Daj, I thought, perhaps many times over the past few days, had heard Maram tell his story. But I had been too busy to sit down with my friend over a horn of beer and listen to him.
'Well,' Maram continued, showing everyone his red crystal, 'for a long while, I
couldn't
lay any fire at all upon the dragon. He kept circling above the hill, flying away and then coming back to dive at me. Each time he did, I cast a thunderbolt at him - at his damn wings! His scales are hard to burn through, but his wings are no tougher than leather. My plan was to burn them off entirely, and then finish the dragon after he fell. But with each bolt of fire, just before I took aim, Yormungand saw it in my mind - I know he did. And so he veered, right or left, up or down, and pulled his damn wings out of the way.'
'And each time you tried to burn the dragon,' Daj said, 'the dragon tried to burn you!'
'Ah, so he did,' Maram said. He made a motion as if to pull at his beard, and then seemed to remember that the dragon had singed the hairs from his face. 'And he
did
burn me, too bad. If I hadn't cast down my knight's shield on the way up to the top of the hill and picked up a great shield dropped by some poor Waashian infantryman, he would have burned me to the death. As it was, the dragon fire melted the steel right off my shield - and nearly melted the skin off
me.
I was sure, then, that he was going to kill me.'
Maram paused in his story and looked at me as if in expectation that I might ask him what had happened next. I obliged him, saying, 'What saved you, then?'
'Liljana did,' Maram said, glancing across the circle to bow his head to her. 'She put some fire of her own into the dragon's mind.'
Liljana's soft, round face lit up as if in remembrance. She showed us her little blue figurine. 'Oh, I would hardly call it
fire.
I only had to distract the beast at a critical moment.'
'And distract him she did,' Maram told us. 'Then I burned the wings off that dragon! It was the fall I think, that killed him.'
He paused to turn his head back and forth as if shaking himself out of a bad dream. Then he looked over at me as he cried out: 'We won, Val! We really won!'
With a loud grunt, he pushed himself up to his feet and crossed the circle to stand before Liljana. With a great puff of air, he leaned down to plant a loud kiss upon her forehead. He smiled so hugely that I wondered if it hurt his raw, red face.

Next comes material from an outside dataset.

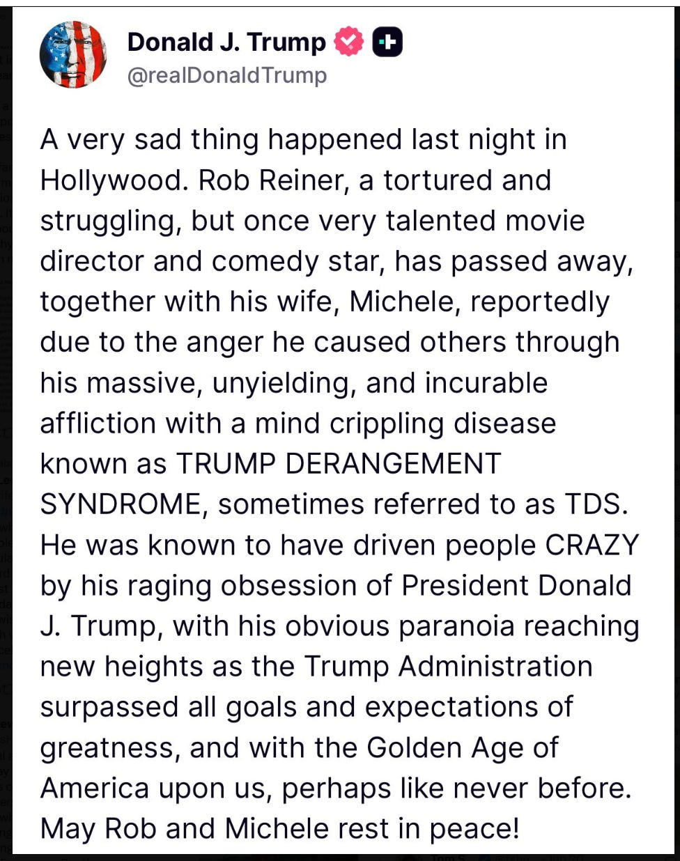 Yesterday, December 14, 2025, a man and his wife were stabbed to death in their California home by their troubled son. Shortly thereafter, our President reacted to the news on his social network:

And then, to my astonishment and that of nearly everyone else, Liljana smiled back at him. She, who had lost the ability to smile, or so we had all thought, somehow managed to do this impossible thing.
'Liljana!' Master Juwain spoke out, smiling too. 'It is good to have you back!'
Although Liljana's lips remained turned up to brighten her face, she began weeping without restraint. We all bowed our heads in honor of this miracle.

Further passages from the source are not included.